One area was Hooke’s law, which relates the force exerted on a spring to its amount of displacement. I figure as a model of the brain, this might be one way to model it, not as a single mass, but as a series of “marbles”, if you will, connected by springs, as an analogy to the concept of neurons and their interconnections. The thought that, perhaps brains are not solid, but are a very dense mesh.

I’ll have to ponder this a bit more I guess. It’s basically a finite-element analysis approach to modelling the brain and what goes on inside. It’d be interesting to try a physical modelling of that mathematical model. Lead sinkers and strain gauges perhaps? I don’t know there.

The other was in relation to my test apparatus that I described earlier. In flicking through the problems, I found this:

Now, there are obvious differences, but really the headform moves the centre of mass closer to the end. If we can find the details of the centre of mass, we can derive what the headform is doing. Moreover, it might be useful to model the mass of the cyclist’s body in the form of mass in that rod, perhaps a bulk mass towards one end.

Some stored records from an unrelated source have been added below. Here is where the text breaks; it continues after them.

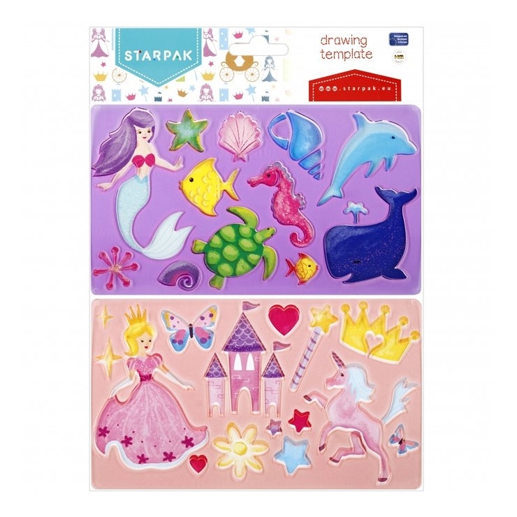 Szablon z kolekcji STARPAK Księżniczki. Szablon umożliwia dzieciom rysowanie precyzyjnych figur, kształtów a następnie zabawę, np. kolorowanie. Idealny podczas nauki poznawania nazw zwierząt czy planet. Wykonany z trwałego tworzywa. Zawartość zestawu: 2 x szablon. przeczytaj całość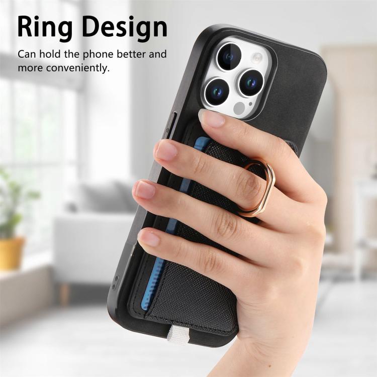 Funda para Teléfono iPhone 13 Pro Max Ranuras para Tarjetas Anillo Cuero Diseño Retro Cruzado (Negro)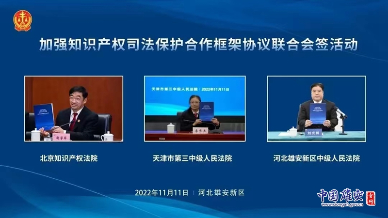 河北雄安新区中级人民法院与北京知识产权法院、天津市第三中级人民法院共同签署《加强知识产权司法保护合作框架协议》。中国雄安官网赵伟彤 摄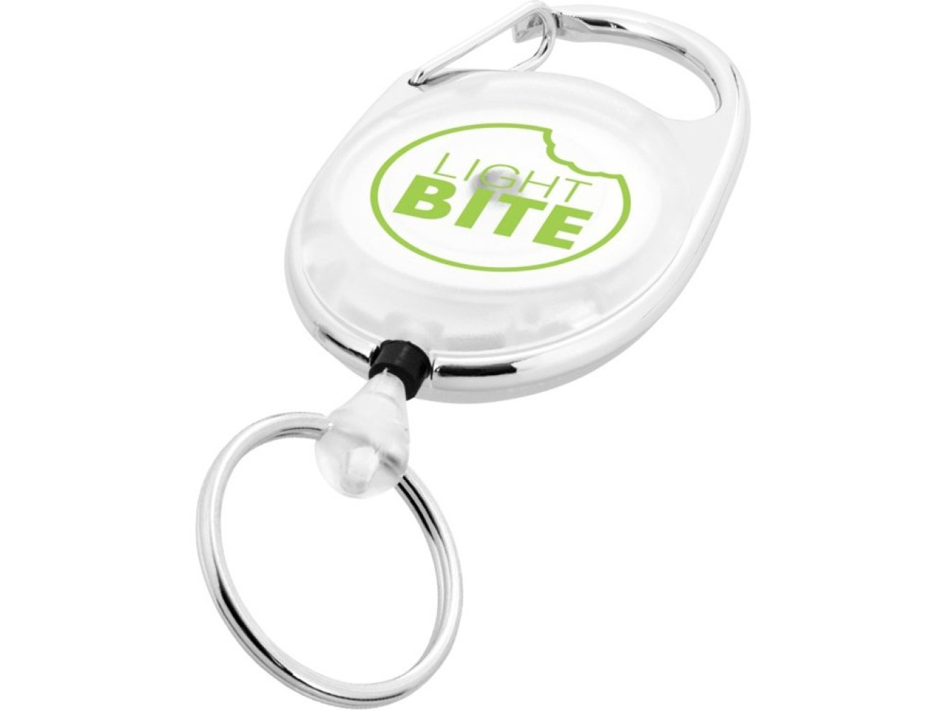 клипса оснащена карабином, а благодаря прочному механизму и шнуру

In short though, the equations needed to answer the above question are undoubtedly in that book, and moreover, I do have a worked copy of that example, but we won’t look at that just yet, that would be cheating.

This afternoon, I managed to stumble on one of my old text books from my first years studying Electrical Engineering at university. In the first year, we future engineers are all one big happy family, with civil, electronics and other groups, all lumped together. So we study the same things, including physics.

For me, studying at QUT in 2004, the text book we were told to read was Physics for Scientists and Engineers with Modern Physics , Serway and Jewett, 6th Edition (International student edition, ISBN 0-534-40949-0 ). In reading this, I realised I had made an error in my earlier analysis of this test case.

So we make the same assumptions as before. That doesn’t change. We fix our earlier incorrect equation, and re-calculate based on that. If someone does happen to notice something amiss, feel free to let me know. If you’re not a Hackaday.io user, I can be contacted a number of ways.

Another difference is that the CPSC tests use a headform mounted to a carriage that runs along a single rail, whereas Australian Standards testing appear to use the dual-guide-wire technique judging from the crash.org.au videos, one of which is here (Sorry guys, I’d link to the page, but then 1999 called asking for their proprietary Flash Player plug-in back).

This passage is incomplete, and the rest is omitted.